Go back 30 years to Coming to America, a comedy starring Eddie Murphy, released in 1988, which made $160.6 million internationally. Or look at the two Bad Boys action movies, led by actors Will Smith and Martin Lawrence, the original released in 1995 and the sequel in 2003. Together the films earned $210.3 million in foreign countries. The black superhero movie Blade, with Wesley Snipes playing a vampire as the lead, made $61 million internationally 20 years ago. The Fast and Furious franchise practically prints money in China, starring mixed-race Vin Diesel and Dwayne “The Rock” Johnson and black actors Ludacris and Tyrese Gibson. And even the indie film Moonlight, with an all-black cast with no movie stars and a production budget of around $4 million, did $37 million internationally.
When a black movie rakes in the cash overseas, however, Hollywood insiders toss out an endless array of excuses as to why this or that black success story cannot be used to kill the assumption that black movies represent bad overseas investments.
Appealing movies with black casts can make money in foreign markets.
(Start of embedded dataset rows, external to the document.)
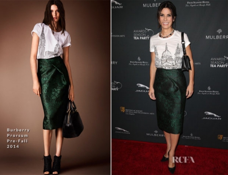Sandra Bullock Burberry Prorsumot választott tegnap estére, a 2014-es elő-őszi kollekcióból a BAFTA LA 2014 Awards Season Teapartira, amelyet a Négy Évszak hotelben rendeztek meg Beverly Hillsben, Los Angelesben. Lábbelit a Casadeitől kölcsönzött, valamint az óriás táskát is egy kisebb retikülre cserélte. Nekünk bejön!
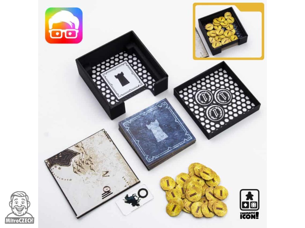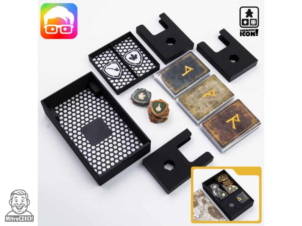 Insert je navržen tak, aby uspořádal všechny součásti základní hry uvnitř originální krabice. Díky zámkovým víčkům můžete krabici bez obav umístit vodorovně nebo svisle a z krabice nebude nic vypadávat. Insert podporuje obalené karty.
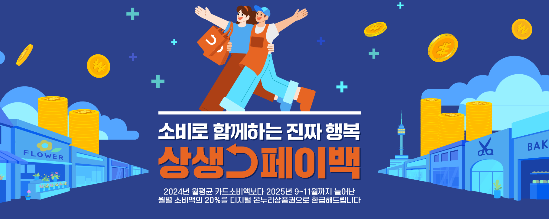 2025년 9월부터 11월까지 한시적으로 ‘상생페이백’ 제도를 운영합니다. 상생페이백은 카드 사용 증가분의 일부를 디지털 온누리상품권으로 환급하는 방식입니다.
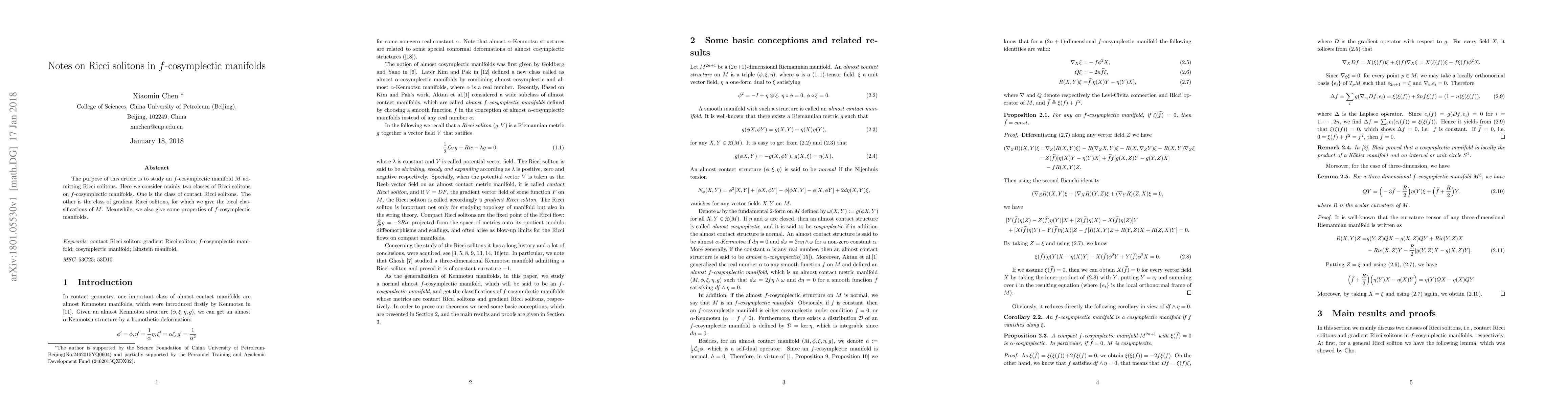 This paper explores Ricci solitons in $f$-cosymplectic manifolds, focusing on two types: contact Ricci solitons and gradient Ricci solitons, providing local classifications for the latter and discussing properties of $f$-cosymplectic manifolds.
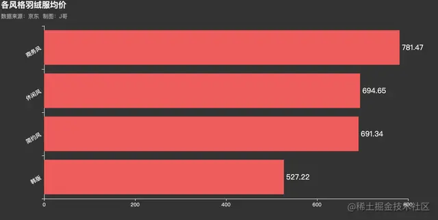 .set_global_opts(title_opts=opts.TitleOpts(title="各风格羽绒服均价",subtitle="数据来源:京东 \t制图:J哥",pos_left = 'left'),

The proof surrounds us. Just like movies featuring white leads, black movies need to be well-executed and appealing. If so, people across the globe will pay money to see them.
But why, then, does Hollywood swim against the current of evidence? Why do movie studios need proof of the concept when the concept has already been proven? The answers stare us in the face: These arguments about why black movies aren’t being greenlit are not being made in good faith; the strength of Hollywood’s biases against black movies are stronger than the commitment to the bottom line; sometimes logic is not enough to persuade people to behave in a racially fair way, particularly when discrimination pervades the entire industry.
Jeff Clanagan, president of Lionsgate’s Codeblack films, told the Los Angeles Times, “Every time there’s a success, it gets swept under the rug. … It’s almost like there’s an asterisk on it. They chalk it off as an anomaly.”
We should brace for something similar regarding Black Panther. Hollywood bigwigs will laud the movie as so unique that its appeal cannot be applied to the next black project in the pipeline waiting to be greenlit. Sure, we will get Black Panther sequels. But other movies rooted in blackness produced because of Black Panther’s success? History teaches us we should temper our expectations.
For now, a Hollywood that acknowledges the potential of black films is as fictional as Wakanda.